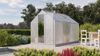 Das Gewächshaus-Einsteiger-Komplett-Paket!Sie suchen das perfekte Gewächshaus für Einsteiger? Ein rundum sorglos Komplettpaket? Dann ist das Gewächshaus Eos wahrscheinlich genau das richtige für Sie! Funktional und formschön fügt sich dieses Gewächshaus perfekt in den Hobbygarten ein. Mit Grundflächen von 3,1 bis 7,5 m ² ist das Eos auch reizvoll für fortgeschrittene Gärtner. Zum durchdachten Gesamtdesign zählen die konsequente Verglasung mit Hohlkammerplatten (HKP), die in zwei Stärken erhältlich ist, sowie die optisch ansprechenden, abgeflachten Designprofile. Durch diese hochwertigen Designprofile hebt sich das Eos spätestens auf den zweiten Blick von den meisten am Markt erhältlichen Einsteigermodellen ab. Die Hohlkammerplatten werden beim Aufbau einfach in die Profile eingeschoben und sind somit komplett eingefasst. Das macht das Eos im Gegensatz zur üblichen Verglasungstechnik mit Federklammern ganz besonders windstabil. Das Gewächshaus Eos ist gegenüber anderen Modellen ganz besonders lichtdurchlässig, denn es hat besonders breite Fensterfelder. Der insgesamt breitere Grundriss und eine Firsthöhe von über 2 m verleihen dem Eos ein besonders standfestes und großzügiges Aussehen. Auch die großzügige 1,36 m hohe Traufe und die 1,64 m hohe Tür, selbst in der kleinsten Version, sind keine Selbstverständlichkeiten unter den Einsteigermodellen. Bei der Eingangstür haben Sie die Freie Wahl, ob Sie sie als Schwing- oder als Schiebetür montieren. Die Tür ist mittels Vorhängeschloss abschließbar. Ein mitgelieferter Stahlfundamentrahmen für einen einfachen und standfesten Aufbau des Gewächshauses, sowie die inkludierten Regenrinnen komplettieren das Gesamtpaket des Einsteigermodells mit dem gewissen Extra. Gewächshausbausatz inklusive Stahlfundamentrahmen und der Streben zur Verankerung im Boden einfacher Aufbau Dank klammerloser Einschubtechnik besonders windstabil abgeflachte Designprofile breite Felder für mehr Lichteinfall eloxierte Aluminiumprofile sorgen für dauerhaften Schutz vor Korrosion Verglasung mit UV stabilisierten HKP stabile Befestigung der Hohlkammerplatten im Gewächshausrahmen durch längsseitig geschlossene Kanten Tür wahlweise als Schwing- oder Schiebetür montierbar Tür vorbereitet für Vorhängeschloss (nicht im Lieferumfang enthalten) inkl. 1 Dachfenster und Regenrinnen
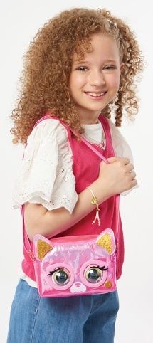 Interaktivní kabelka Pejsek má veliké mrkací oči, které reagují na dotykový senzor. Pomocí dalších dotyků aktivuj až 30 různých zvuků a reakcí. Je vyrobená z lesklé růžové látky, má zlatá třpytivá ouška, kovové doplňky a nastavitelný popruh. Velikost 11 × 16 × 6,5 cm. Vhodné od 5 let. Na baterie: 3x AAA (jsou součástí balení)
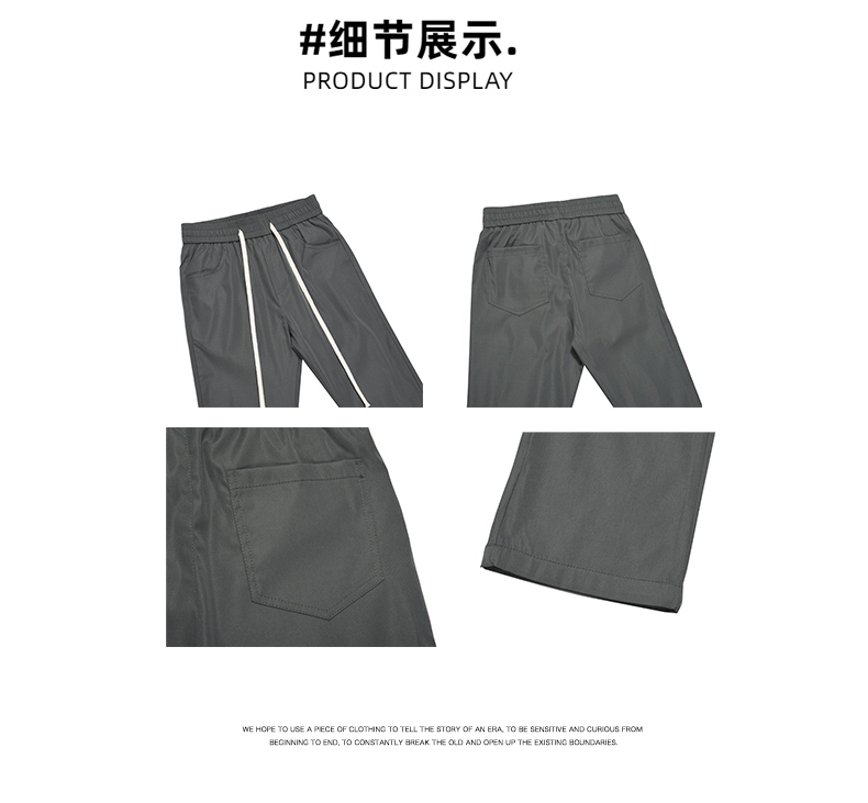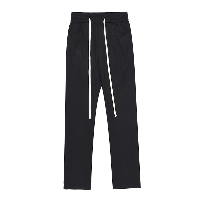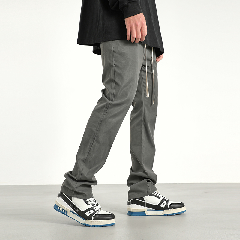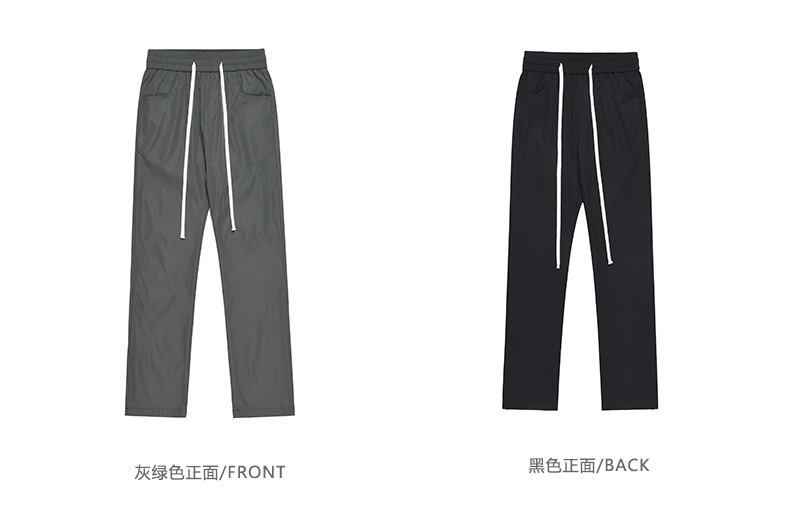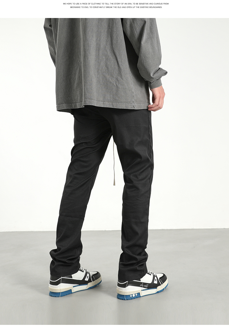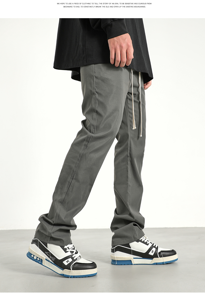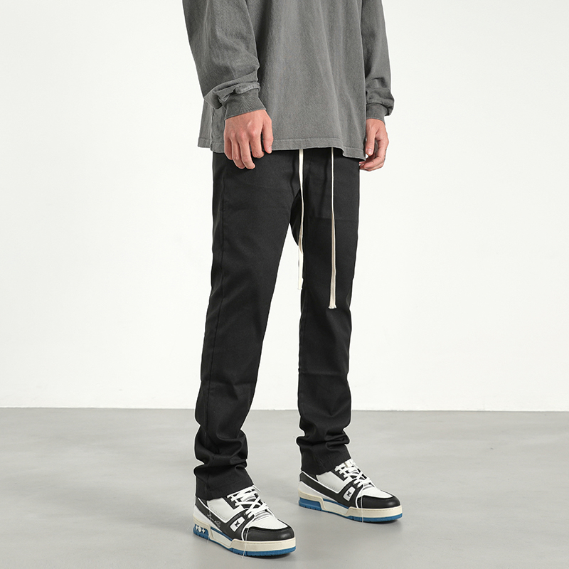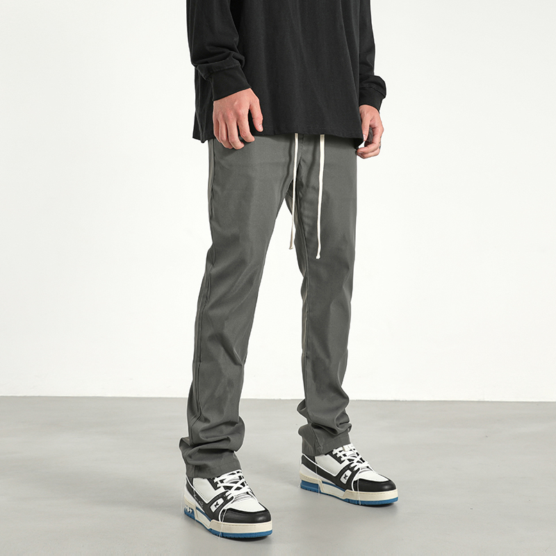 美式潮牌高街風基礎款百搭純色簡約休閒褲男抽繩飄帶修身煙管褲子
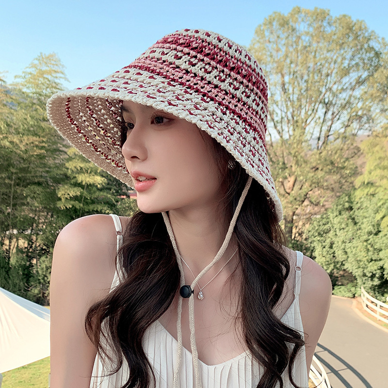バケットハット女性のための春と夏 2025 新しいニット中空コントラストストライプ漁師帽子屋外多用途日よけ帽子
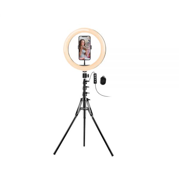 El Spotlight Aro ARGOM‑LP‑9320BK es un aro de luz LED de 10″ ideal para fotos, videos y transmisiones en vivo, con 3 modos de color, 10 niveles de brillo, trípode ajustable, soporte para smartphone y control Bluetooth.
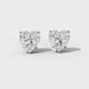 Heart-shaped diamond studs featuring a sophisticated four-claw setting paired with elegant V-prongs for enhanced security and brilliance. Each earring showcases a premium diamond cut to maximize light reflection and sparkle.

▬▬▬

● EXERCISE DIRECTIONS
Leave out the pictures and set down everything else in the entries above exactly.

● WRITTEN REPLY
 Das Gewächshaus-Einsteiger-Komplett-Paket!Sie suchen das perfekte Gewächshaus für Einsteiger? Ein rundum sorglos Komplettpaket? Dann ist das Gewächshaus Eos wahrscheinlich genau das richtige für Sie! Funktional und formschön fügt sich dieses Gewächshaus perfekt in den Hobbygarten ein. Mit Grundflächen von 3,1 bis 7,5 m ² ist das Eos auch reizvoll für fortgeschrittene Gärtner. Zum durchdachten Gesamtdesign zählen die konsequente Verglasung mit Hohlkammerplatten (HKP), die in zwei Stärken erhältlich ist, sowie die optisch ansprechenden, abgeflachten Designprofile. Durch diese hochwertigen Designprofile hebt sich das Eos spätestens auf den zweiten Blick von den meisten am Markt erhältlichen Einsteigermodellen ab. Die Hohlkammerplatten werden beim Aufbau einfach in die Profile eingeschoben und sind somit komplett eingefasst. Das macht das Eos im Gegensatz zur üblichen Verglasungstechnik mit Federklammern ganz besonders windstabil. Das Gewächshaus Eos ist gegenüber anderen Modellen ganz besonders lichtdurchlässig, denn es hat besonders breite Fensterfelder. Der insgesamt breitere Grundriss und eine Firsthöhe von über 2 m verleihen dem Eos ein besonders standfestes und großzügiges Aussehen. Auch die großzügige 1,36 m hohe Traufe und die 1,64 m hohe Tür, selbst in der kleinsten Version, sind keine Selbstverständlichkeiten unter den Einsteigermodellen. Bei der Eingangstür haben Sie die Freie Wahl, ob Sie sie als Schwing- oder als Schiebetür montieren. Die Tür ist mittels Vorhängeschloss abschließbar. Ein mitgelieferter Stahlfundamentrahmen für einen einfachen und standfesten Aufbau des Gewächshauses, sowie die inkludierten Regenrinnen komplettieren das Gesamtpaket des Einsteigermodells mit dem gewissen Extra. Gewächshausbausatz inklusive Stahlfundamentrahmen und der Streben zur Verankerung im Boden einfacher Aufbau Dank klammerloser Einschubtechnik besonders windstabil abgeflachte Designprofile breite Felder für mehr Lichteinfall eloxierte Aluminiumprofile sorgen für dauerhaften Schutz vor Korrosion Verglasung mit UV stabilisierten HKP stabile Befestigung der Hohlkammerplatten im Gewächshausrahmen durch längsseitig geschlossene Kanten Tür wahlweise als Schwing- oder Schiebetür montierbar Tür vorbereitet für Vorhängeschloss (nicht im Lieferumfang enthalten) inkl. 1 Dachfenster und Regenrinnen
 Interaktivní kabelka Pejsek má veliké mrkací oči, které reagují na dotykový senzor. Pomocí dalších dotyků aktivuj až 30 různých zvuků a reakcí. Je vyrobená z lesklé růžové látky, má zlatá třpytivá ouška, kovové doplňky a nastavitelný popruh. Velikost 11 × 16 × 6,5 cm. Vhodné od 5 let. Na baterie: 3x AAA (jsou součástí balení)
 美式潮牌高街風基礎款百搭純色簡約休閒褲男抽繩飄帶修身煙管褲子
バケットハット女性のための春と夏 2025 新しいニット中空コントラストストライプ漁師帽子屋外多用途日よけ帽子
 El Spotlight Aro ARGOM‑LP‑9320BK es un aro de luz LED de 10″ ideal para fotos, videos y transmisiones en vivo, con 3 modos de color, 10 niveles de brillo, trípode ajustable, soporte para smartphone y control Bluetooth.
 Heart-shaped diamond studs featuring a sophisticated four-claw setting paired with elegant V-prongs for enhanced security and brilliance. Each earring showcases a premium diamond cut to maximize light reflection and sparkle.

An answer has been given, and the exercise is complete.